**Excerpts from a dataset**
•••••
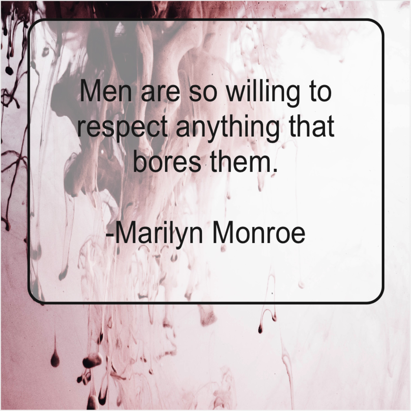 Marilyn Monroe Marilyn Monroe – Men are so willing to… March 24, 2019 admin “Men are so willing to respect anything that bores them.”-Marilyn Monroe
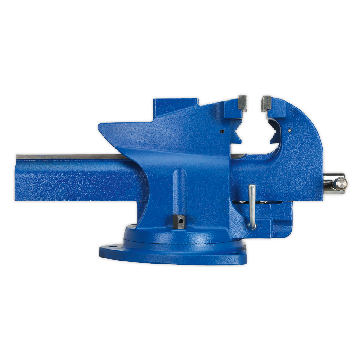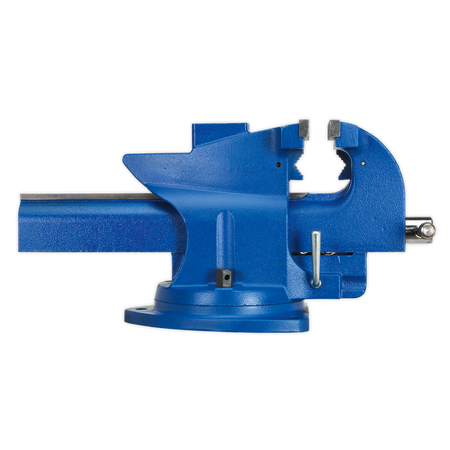 Time-saving bench mounting swivel base vice with cast iron body. Features a side lever for engaging/disengaging main clamp, enabling quick-slide action to and from workpiece. Includes both, replaceable serrated steel jaws and pipe clamping jaws, with a heavy-duty anvil at the back.
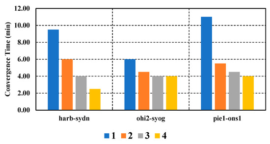 Convergence time statistics of the three links across the four enhancement scenarios (min).
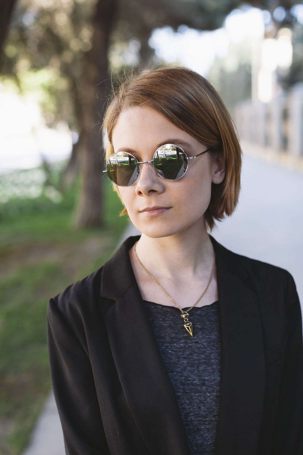 У меня на первом месте стоят солнцезащитные очки. Причем с недавних пор самой любимой моделью стали тишейды. Они же - "бабушкины очки", велосипеды или очки кота Базилио. Все верно, я говорю об очках круглой формы. Мои самые любимые - с зеркальными стеклами. Они невероятно удобные, стильные и подходят практически под любой мой наряд!
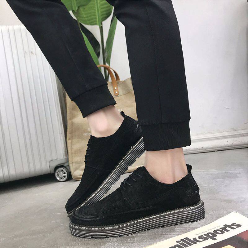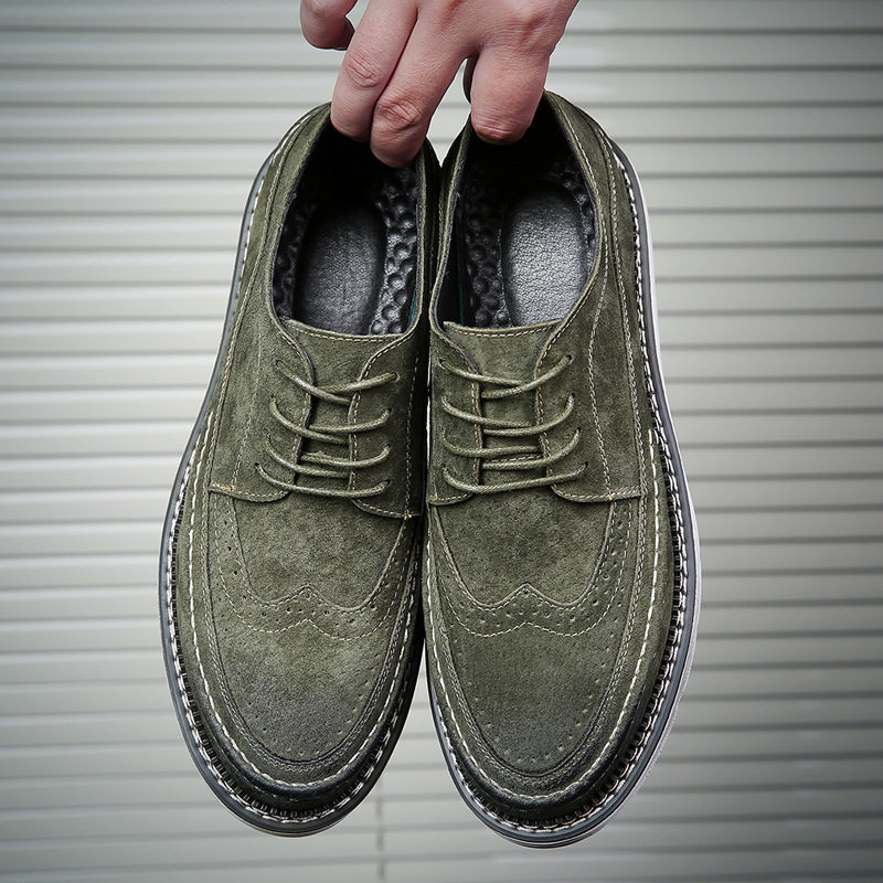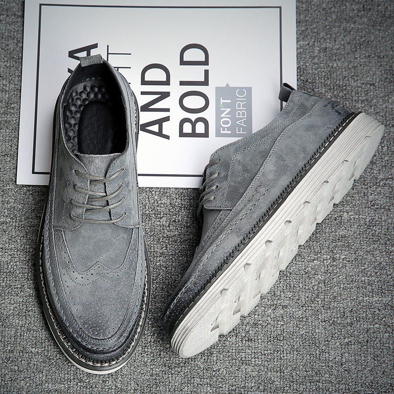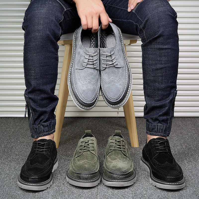 Retro trendy men's European and American fashion thick-soled leather shoes casual round toe brogue heightened carved leather shoes Martin shoes men's shoes
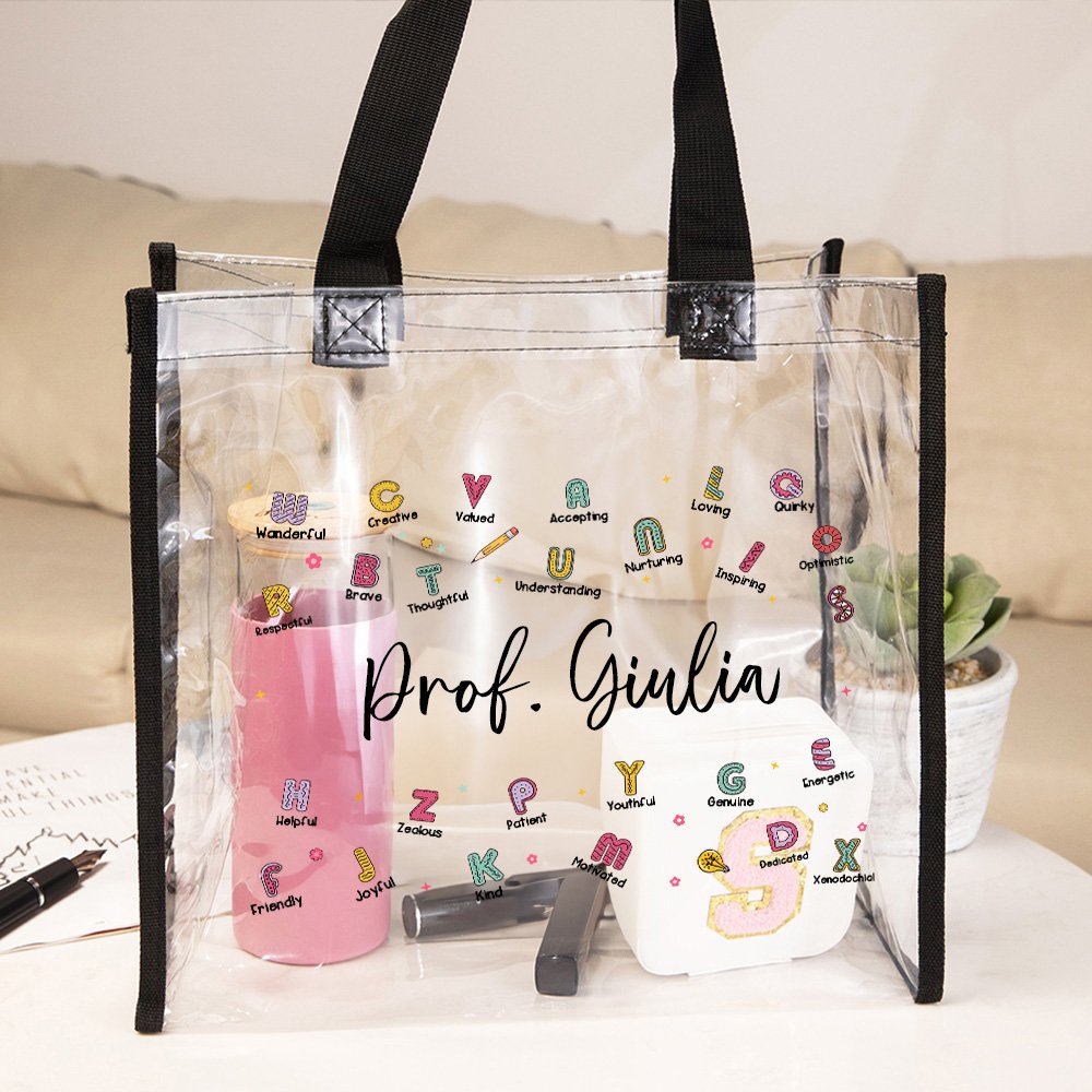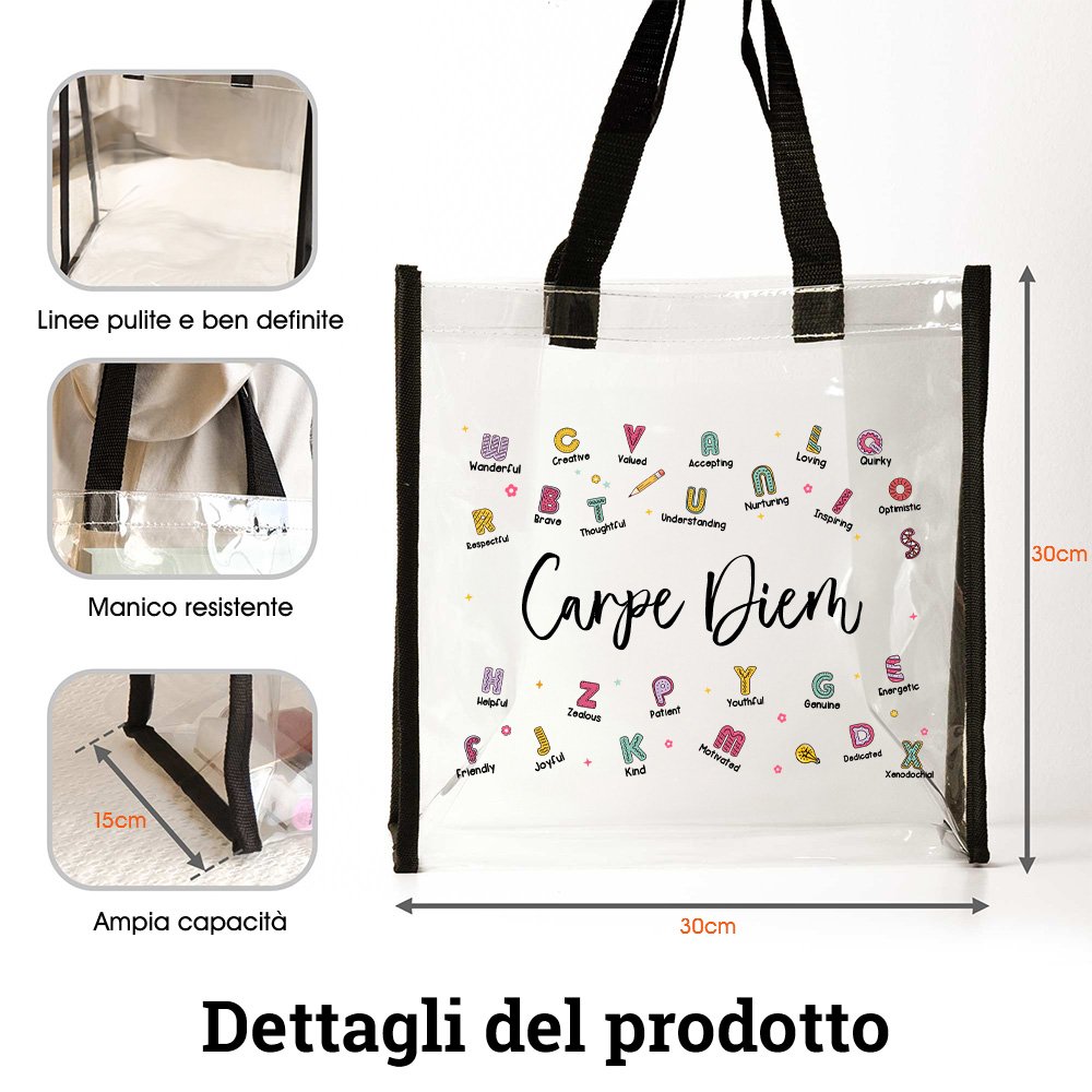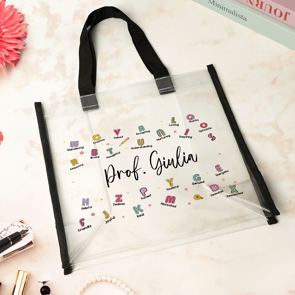 Questa borsa trasparente è un’idea regalo versatile e originale per amici, colleghi, insegnanti o studenti. Perfetta per ogni occasione: festa dell’insegnante, compleanni, festa dei bambini o festività. Pratica e significativa, è adatta a scuola, lavoro o uscite informali.
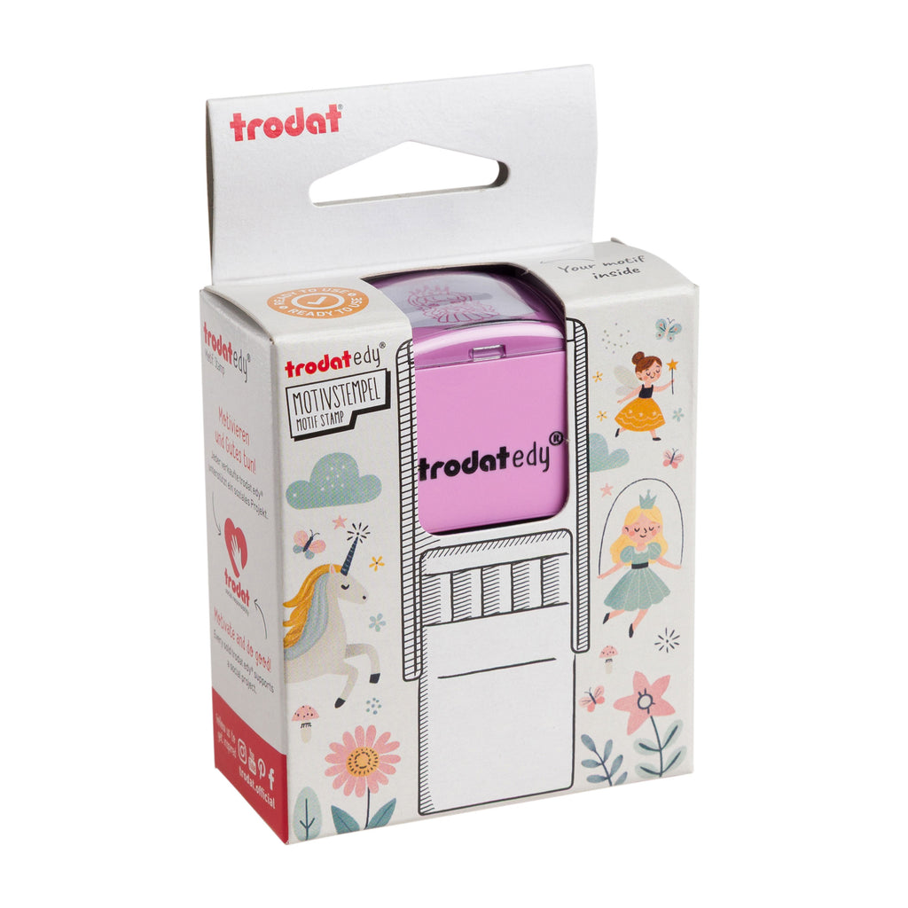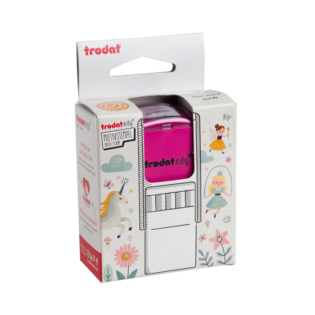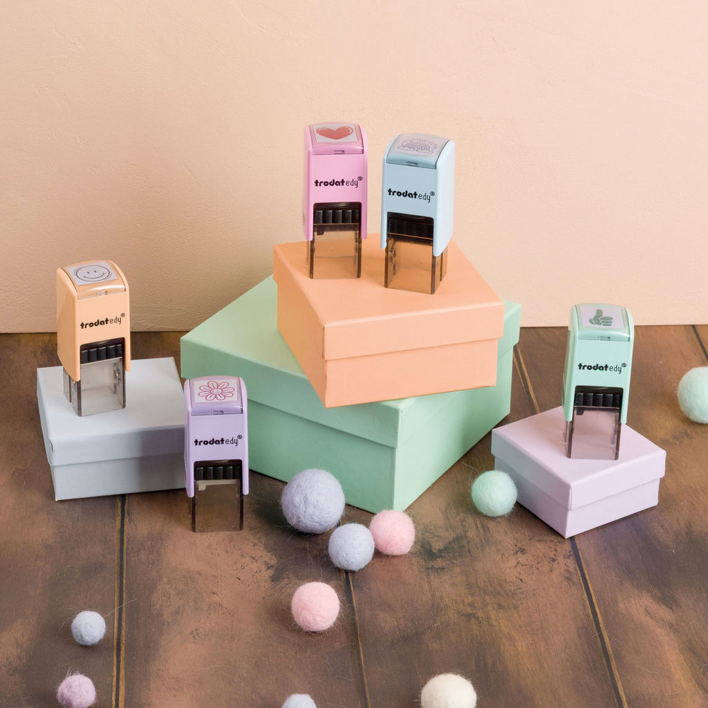 Die Trodat edy® Motivstempel sind die perfekte Wahl, um deine Wertschätzung und Anerkennung auf kreative Weise zu zeigen. Mit fünfzehn verschiedenen Gehäusefarben und fünfzehn einzigartigen Motiven – Blume, Daumen, Herz, Smiley, Regenbogen, Stern, Fee, Prinzessin, Einhorn, Schmetterling, Brontosaurus, Plesiosaurus, Stegosaurus, T-Rex und Triceratops – bieten diese Stempel zahlreiche Möglichkeiten, um kleine Botschaften zu hinterlassen.
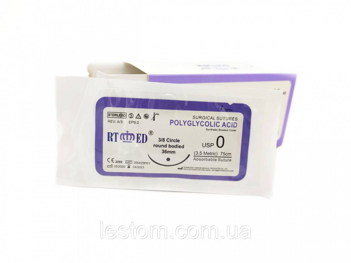 ПГА RT-med USP 0 (EP 3,5) з кол. голкою 36мм 3/8 кола
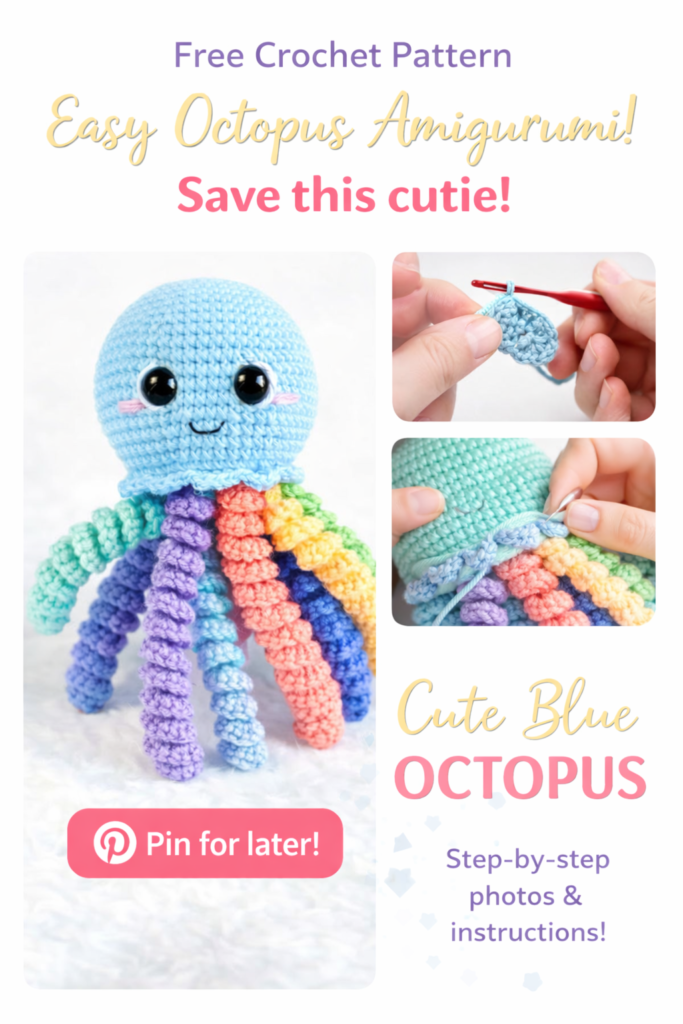 This easy octopus amigurumi pattern uses basic crochet stitches and works up fast, making it a great choice for handmade baby toys, gift ideas, or crochet market products. Whether you are a beginner or an experienced crocheter, this free crochet octopus pattern will help you create a soft, playful, and eye-catching amigurumi toy.
•••••
With the pictures left out, give again exactly the lines from the one that contains "Die Trodat edy®" through the final line of the data above.

**SOLUTION**
 Die Trodat edy® Motivstempel sind die perfekte Wahl, um deine Wertschätzung und Anerkennung auf kreative Weise zu zeigen. Mit fünfzehn verschiedenen Gehäusefarben und fünfzehn einzigartigen Motiven – Blume, Daumen, Herz, Smiley, Regenbogen, Stern, Fee, Prinzessin, Einhorn, Schmetterling, Brontosaurus, Plesiosaurus, Stegosaurus, T-Rex und Triceratops – bieten diese Stempel zahlreiche Möglichkeiten, um kleine Botschaften zu hinterlassen.
 ПГА RT-med USP 0 (EP 3,5) з кол. голкою 36мм 3/8 кола
 This easy octopus amigurumi pattern uses basic crochet stitches and works up fast, making it a great choice for handmade baby toys, gift ideas, or crochet market products. Whether you are a beginner or an experienced crocheter, this free crochet octopus pattern will help you create a soft, playful, and eye-catching amigurumi toy.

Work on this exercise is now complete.